• **Problem requirements**: Pictures are to be left out. Copy exactly, and only, the lines from the start of the entries below to the line with "C.C. Cragin Reservoir, Winter 2008", both included.
┌─ Provided data
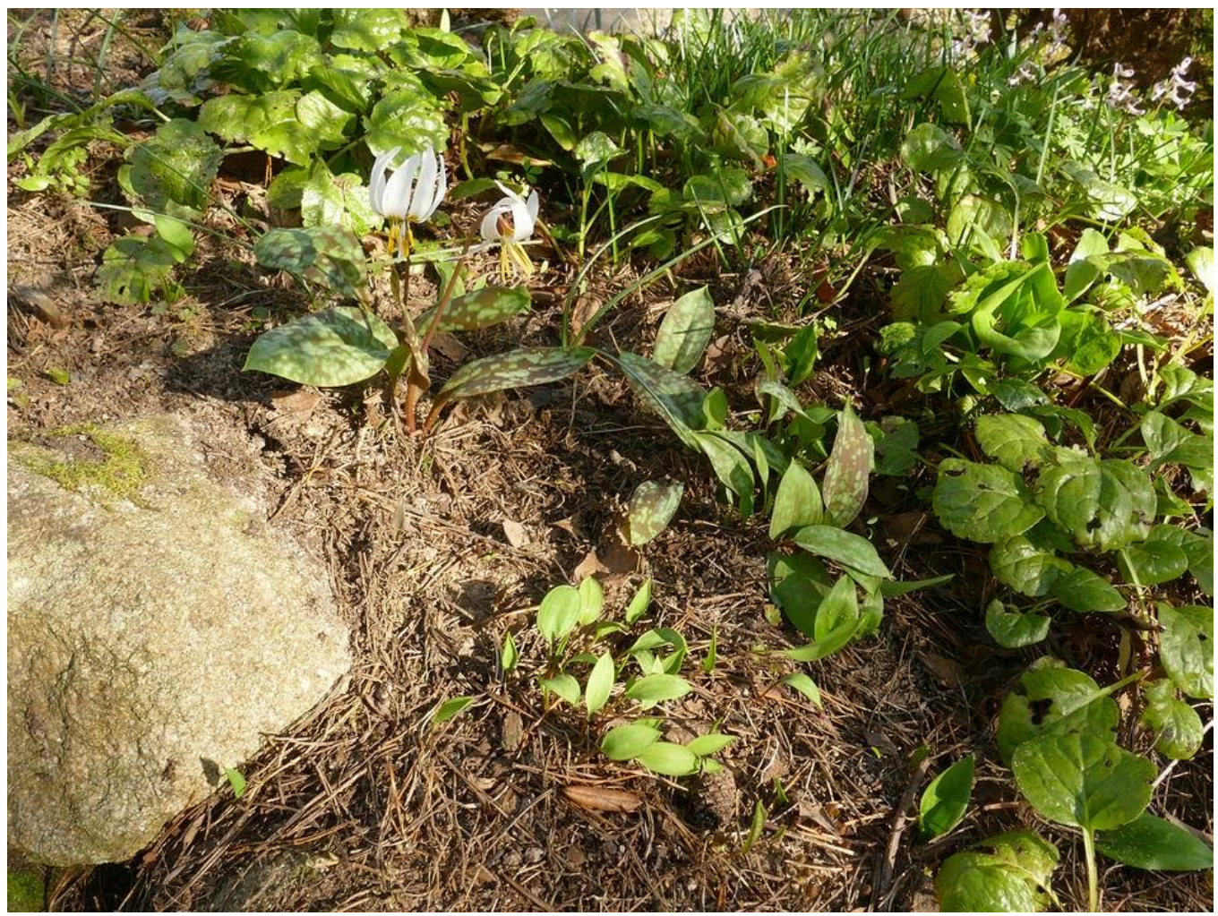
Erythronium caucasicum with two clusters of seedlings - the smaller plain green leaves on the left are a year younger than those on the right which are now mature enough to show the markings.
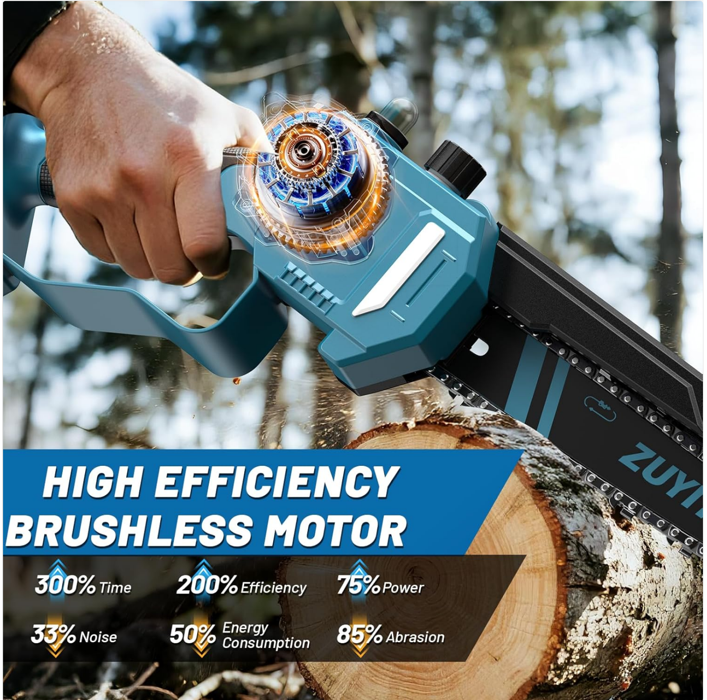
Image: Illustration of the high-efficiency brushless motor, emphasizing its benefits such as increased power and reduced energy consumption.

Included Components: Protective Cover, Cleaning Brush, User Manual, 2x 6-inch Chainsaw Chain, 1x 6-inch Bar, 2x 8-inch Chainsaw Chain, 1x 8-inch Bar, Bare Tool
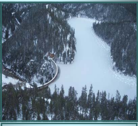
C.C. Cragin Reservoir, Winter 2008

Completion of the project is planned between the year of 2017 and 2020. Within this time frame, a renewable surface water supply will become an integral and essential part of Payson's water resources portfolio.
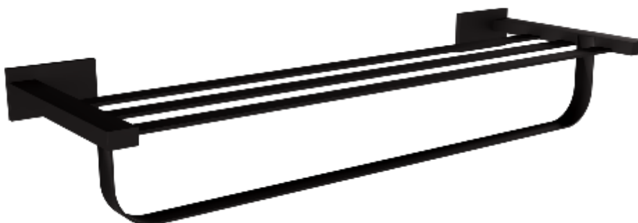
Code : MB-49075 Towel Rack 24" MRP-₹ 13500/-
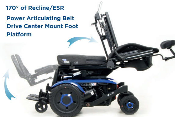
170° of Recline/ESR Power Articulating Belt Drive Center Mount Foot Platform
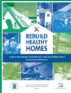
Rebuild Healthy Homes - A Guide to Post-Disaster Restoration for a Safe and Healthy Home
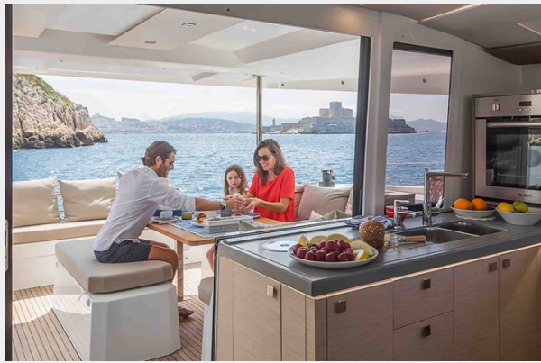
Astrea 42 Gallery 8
└─
• **Written response**:
Erythronium caucasicum with two clusters of seedlings - the smaller plain green leaves on the left are a year younger than those on the right which are now mature enough to show the markings.
Image: Illustration of the high-efficiency brushless motor, emphasizing its benefits such as increased power and reduced energy consumption.

Included Components: Protective Cover, Cleaning Brush, User Manual, 2x 6-inch Chainsaw Chain, 1x 6-inch Bar, 2x 8-inch Chainsaw Chain, 1x 8-inch Bar, Bare Tool
C.C. Cragin Reservoir, Winter 2008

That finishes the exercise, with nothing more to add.